A senior vice president at a major public relations firm typically earns up to $160,000, with perhaps another $15,000 in bonuses. In the high-technology field the majority of "e-commerce marketing directors" surveyed by Salary.com earned $120,000 to $150,000 in total cash compensation. The top quarter, however, earned an average of $204,800.

The legal profession is perhaps the most clear-cut example of changing expectations due to changing pay scales. "There was a time when if you were making $100,000, you were a partner, and that wasn't that long ago," explained Jon Lindsey, a managing partner of Major, Hagen & Africa, a national legal recruiting firm. "In New York they now look at $100,000 as a living wage, but not much more."

Last year the median base salary for first-year associates at firms with more than 501 lawyers was $120,000, moving up to $185,000 for eighth-year associates, according to figures from the National Association for Law Placement.

Noble Black, 29, hardly considers himself living it up. He earned his law degree from the University of Virginia a few years ago, moved to New York and took a job in securities law in the Manhattan office of the firm McKee Nelson. His starting salary, he said, was $135,000.

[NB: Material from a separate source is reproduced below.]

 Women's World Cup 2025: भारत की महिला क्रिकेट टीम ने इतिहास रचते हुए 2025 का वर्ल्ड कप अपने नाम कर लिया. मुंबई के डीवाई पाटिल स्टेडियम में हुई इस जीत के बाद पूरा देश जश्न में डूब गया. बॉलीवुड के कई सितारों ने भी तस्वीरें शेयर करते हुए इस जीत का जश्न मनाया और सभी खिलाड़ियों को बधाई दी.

"You think you're going to be making all this money, but it all goes so quickly," said Mr. Black, who left after a few years to work as a consultant to the television show "The Apprentice" (and is now an associate real estate broker for the Corcoran Group in New York).

Mr. Black didn't find much sympathy from his family back in Mississippi, where $100,000 is still a country club income. "You go home and tell them how much you're making, and they think you're doing so well, but then you tell them about the rent," he said, recalling the $4,650 monthly rent for the apartment he shared with a friend in Symphony House, near Columbus Circle.

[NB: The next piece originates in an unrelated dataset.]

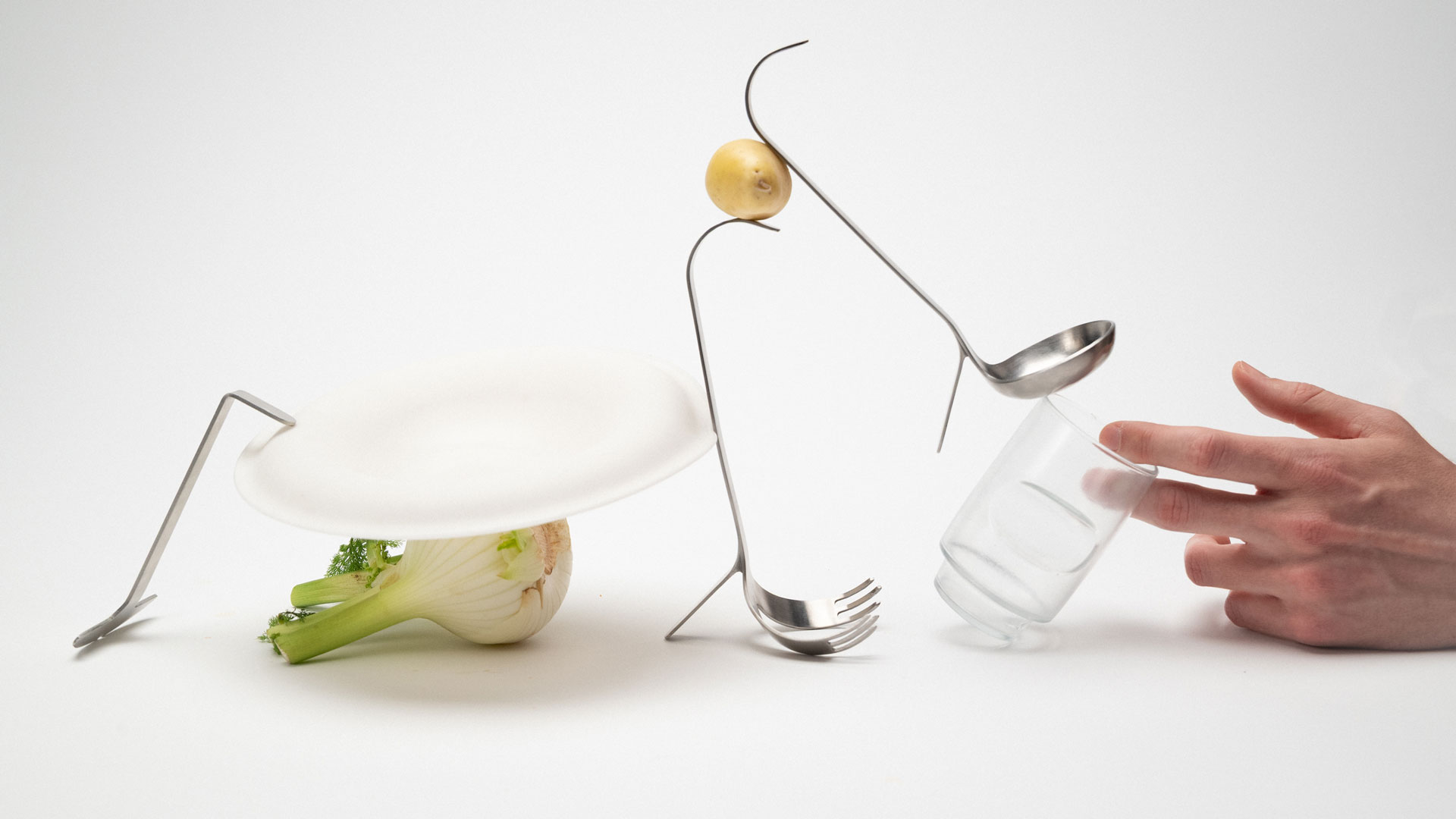 Trotz seiner geringen Grösse spielt der Daumen eine zentrale Rolle in unserem Leben, ist für viele technische Errungenschaften unerlässlich und markiert einen Wendepunkt in der menschlichen Evolution. «No Spare Wheels» von Thomas d'Enfert, Studierender im Masterstudio Industrial Design am Institute Contemporary Design Pratices (ICDP) der HGK Basel, ist eine Einladung zum Abendessen, bei der die Teilnehmer die Entwicklung ohne Daumen erkunden können.

It was only when his annual compensation began to approach the new affluence threshold that he began to feel he was building real equity. "A couple of years making close to $200,000 puts you into that good place," Mr. Black said.

Robert H. Frank, an economist at Cornell said: "A lot of people think this is about spoiled people who can't keep up with the Joneses, but it's really deeper than that. There's a consumption standard that every group has. If you ask, 'How am I doing?,' it's always, 'Compared to what?' And people hardly ever look down."

If they did, it might seem a bit odd to see a number they had spent much of their lives staring up at longingly. Then again, Mr. Coleman of Salary.com is not sure people will ever quite strive for the $200,000 life in quite the specific way they dreamed of a $100,000 one. The latter "is a natural milestone," he said. "It's a power of 10."

"One hundred thousand is magical because it is 100 -- 100 is perfect, remember when you're in school?" he said.

The real point, perhaps, is the dreaming itself, the sense among many professionals that there needs to be some light flickering on the horizon to get you through the long hours and the stress of a career. In that sense, Mr. Coleman said, the dream salary of today is the same as it's always been. "It's beyond reasonable expectation," he said, "but not beyond hope."